In Malaysia for example vote buying is one such example of both elite relations and the management of illegality, and yet it is itself subject to a series of pressures governing its successful functioning. In particular here is the importance of the availability of finance and the ability of the existing BN coalition to convince those voters of the worth of its patronage.
Yet the management of popular pressures and the use of violence would also be important to interpret. In particular the growth of forms of violence such as the firebombing of churches or the red shirts protests which seek to remind the ruling coalition of their responsibilities. Rural challenges to development projects or consstruction projects, even to migrant labour or the management of FELDA settlements or urban protests by taxi drivers or against GST, or the TPPA or housing relocation programmes also highlight challenges to the hegemony of the BN coalition, and areas in which the government has to fight to maintain its power.
There are then it is worth noting in Malaysia a whole series of points at which stability is reproduced and prolonged and these points are themselves sites of contestations in which processes of mediation and negotiation are continuously ongoing. Whether or not there is a growing distrust is one thing, but challenges certainly exist.

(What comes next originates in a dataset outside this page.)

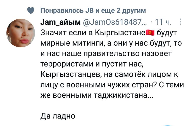 Одна из пользователей соцсетей спрашивает, привлекут ли власти Кыргызстана для подавления мирных митингов также миротворцев ОДКБ.

Historically in Malaysia the ruling coalition has been successful at managing and overcoming challenges to its rule encompasing everything from elite conflicts to mass protest movements and popular violence through processes of negotiation and co-optation, but this is not to say that these processes are impervious to change or challenge. They are in fact the site at which any meaningful challenge would have to take place.
The point is then be not to turn away from practices such as vote buying in moralistic indignation but to more fully understand their operation within the democratic process itself.